[Data items]
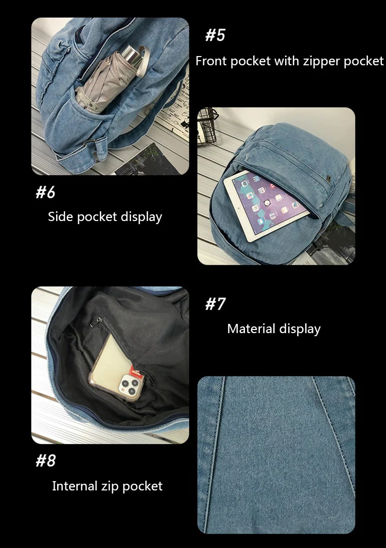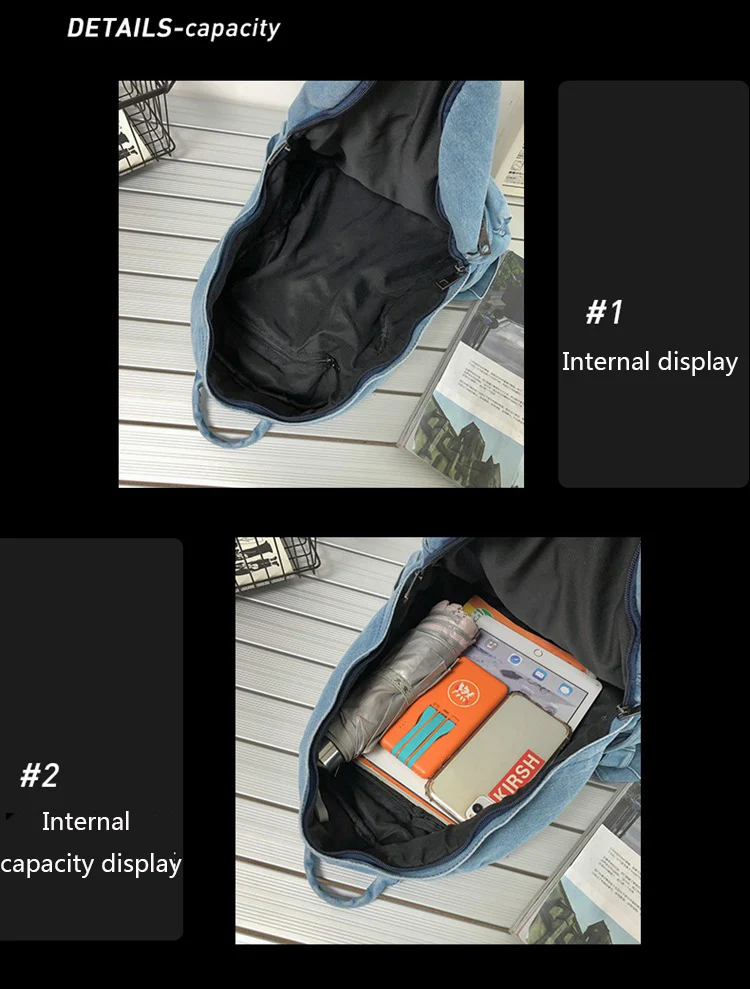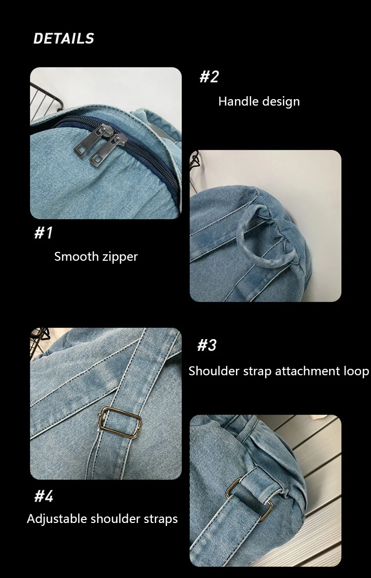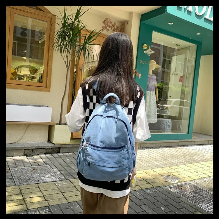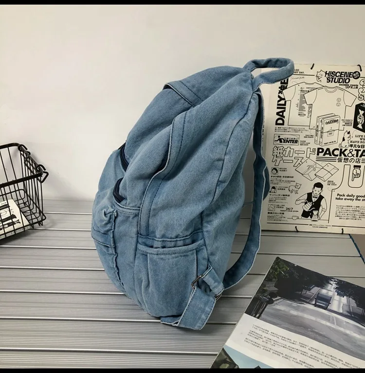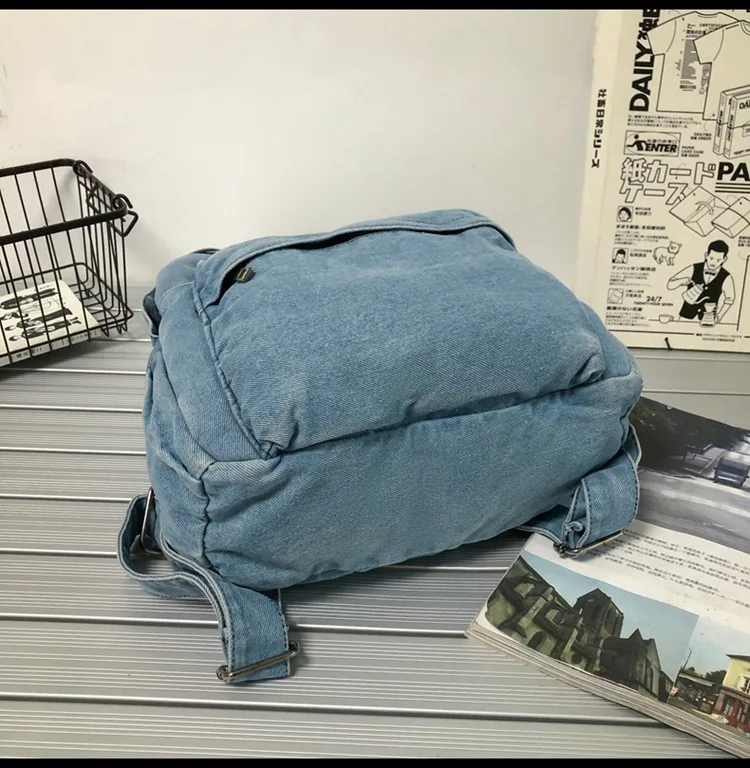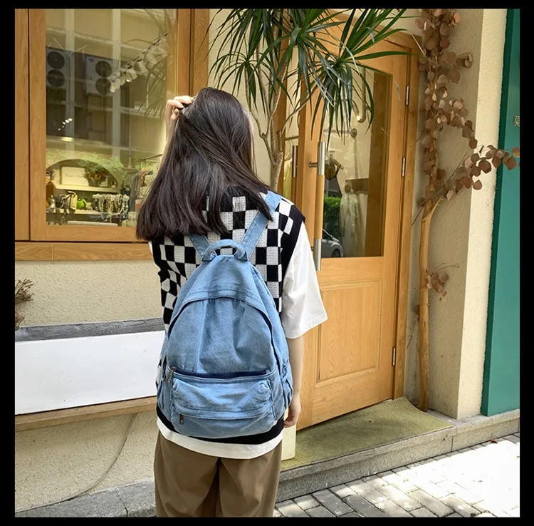Gray Denim Backpack Women's Travel Outing Shoulder Bag Schoolbags Suitable
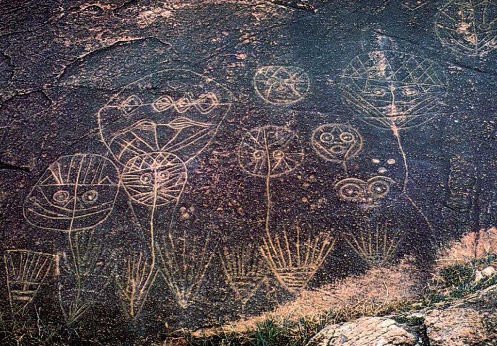 (上圖:新石器時(shí)代《稷神崇拜圖》;下圖:《稷神崇拜圖》復(fù)原圖。)
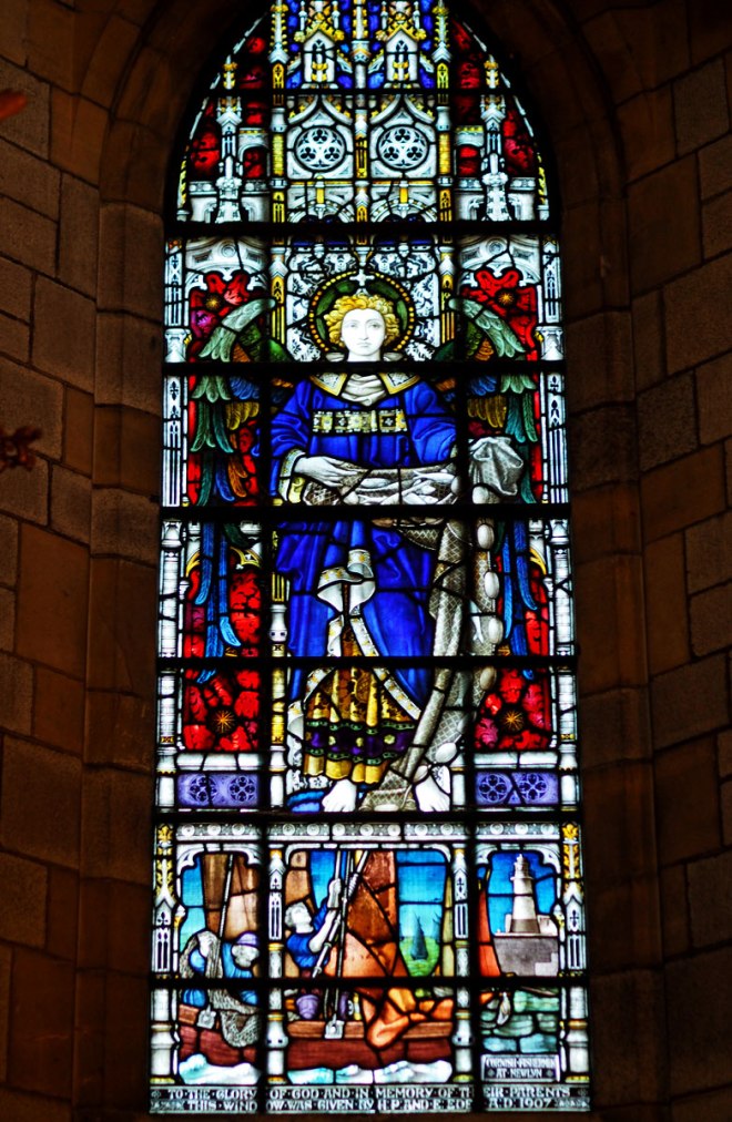 The guardian angel of fishermen dressed in flowing robes and depicted with long wings, bare feet, and a nimbus with a bejewelled rim. The angel holds a net full of fish with floats.
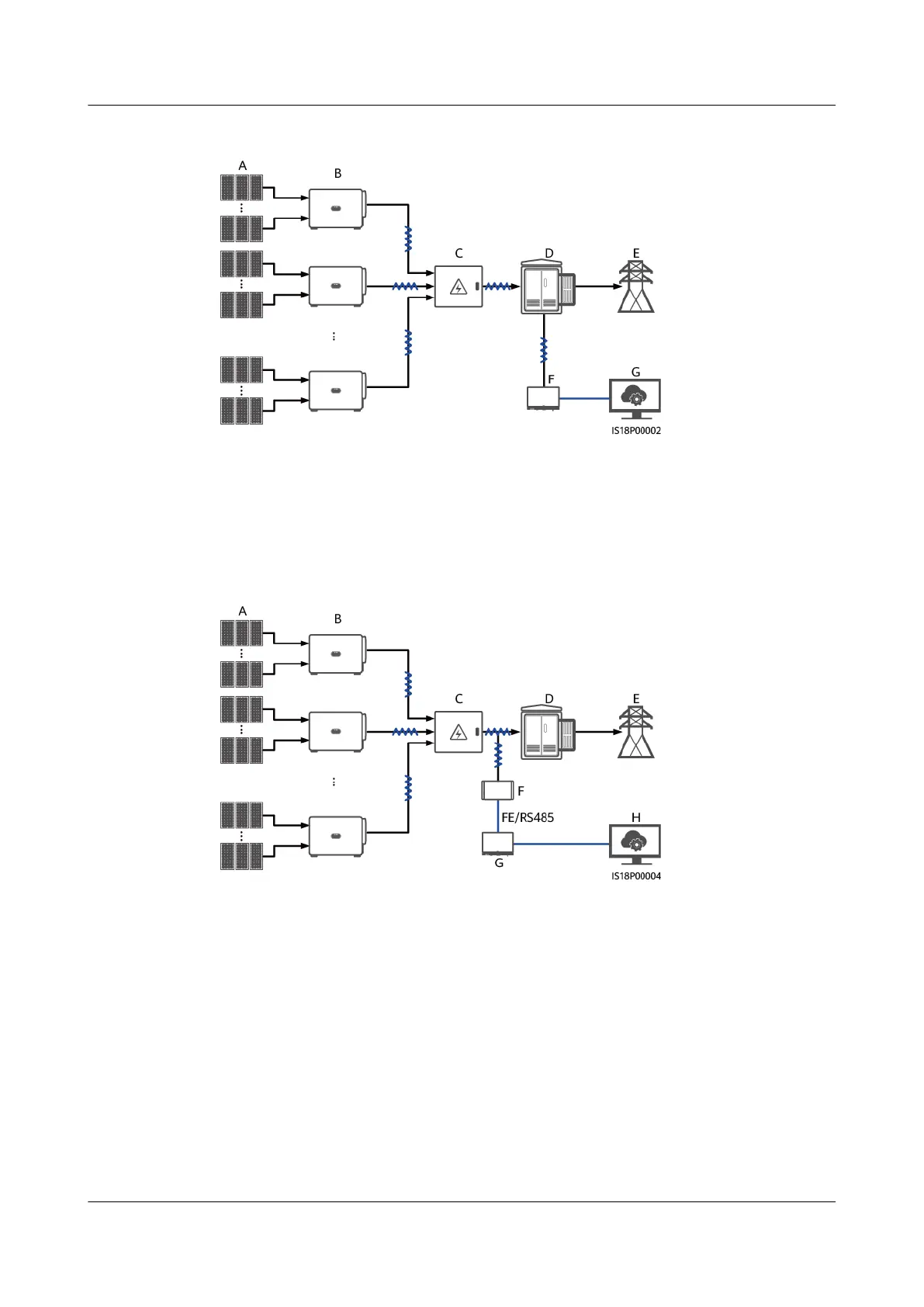 (A) PV strings (B) SUN2000s (C) AC combiner box
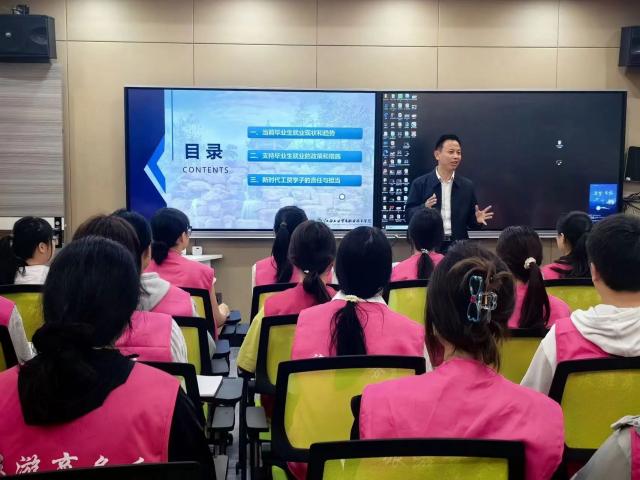 首先,刘国红副院长分别从“认识和了解就业形势”、“支持毕业生就业的政策和措施”、“新时代工贸学子的责任与担当”三个方面讲授课程,鼓励同学们面对竞争激烈的人才市场要认清严峻的就业形势,积极探索、把握机会、学好本领、珍惜时光,做堪当民族复兴重任的新时代好青年。
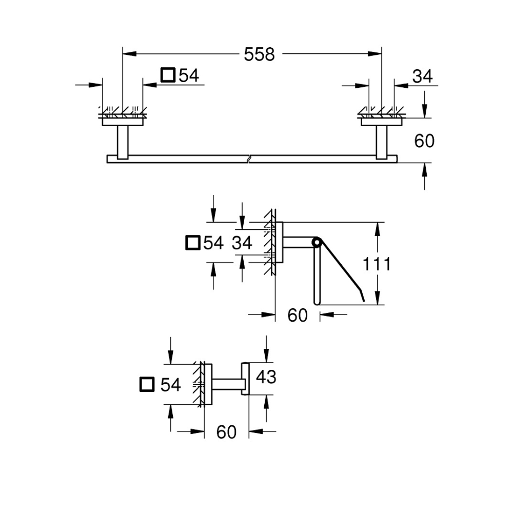 - Barre porte-serviettes, 558 mm (Référence : 41 089)
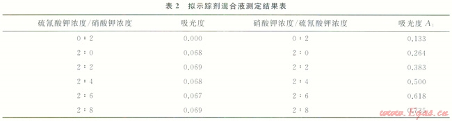 配制兩組擬示蹤劑混合樣品,第一組按照硫氰酸根的檢測(cè)方法,在455nm處測(cè)量硫氰酸根的吸光度;第二組按照硝酸根的檢測(cè)方法,在210nm處測(cè)量硝酸根的吸光度,測(cè)量結(jié)果如表2所示。
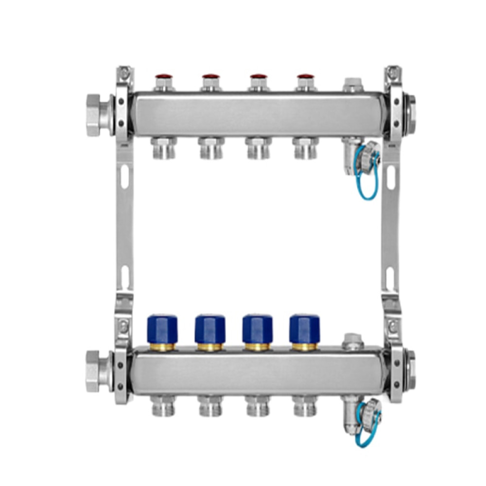 Коллектор из нержавеющей стали для подключения приборов отопления. Полной заводской готовности, с крепежом, ручным воздухоотводчиком, сливным краном. Подключение к системе - посредством накидной гайки с плоским уплотнением.

Work item:
Please retype the lines from the one containing "- Barre porte-serviettes, 558" through the last line of the records above, exactly as written, and leave out any pictures.

Answer section:
 - Barre porte-serviettes, 558 mm (Référence : 41 089)
 配制兩組擬示蹤劑混合樣品,第一組按照硫氰酸根的檢測(cè)方法,在455nm處測(cè)量硫氰酸根的吸光度;第二組按照硝酸根的檢測(cè)方法,在210nm處測(cè)量硝酸根的吸光度,測(cè)量結(jié)果如表2所示。
 Коллектор из нержавеющей стали для подключения приборов отопления. Полной заводской готовности, с крепежом, ручным воздухоотводчиком, сливным краном. Подключение к системе - посредством накидной гайки с плоским уплотнением.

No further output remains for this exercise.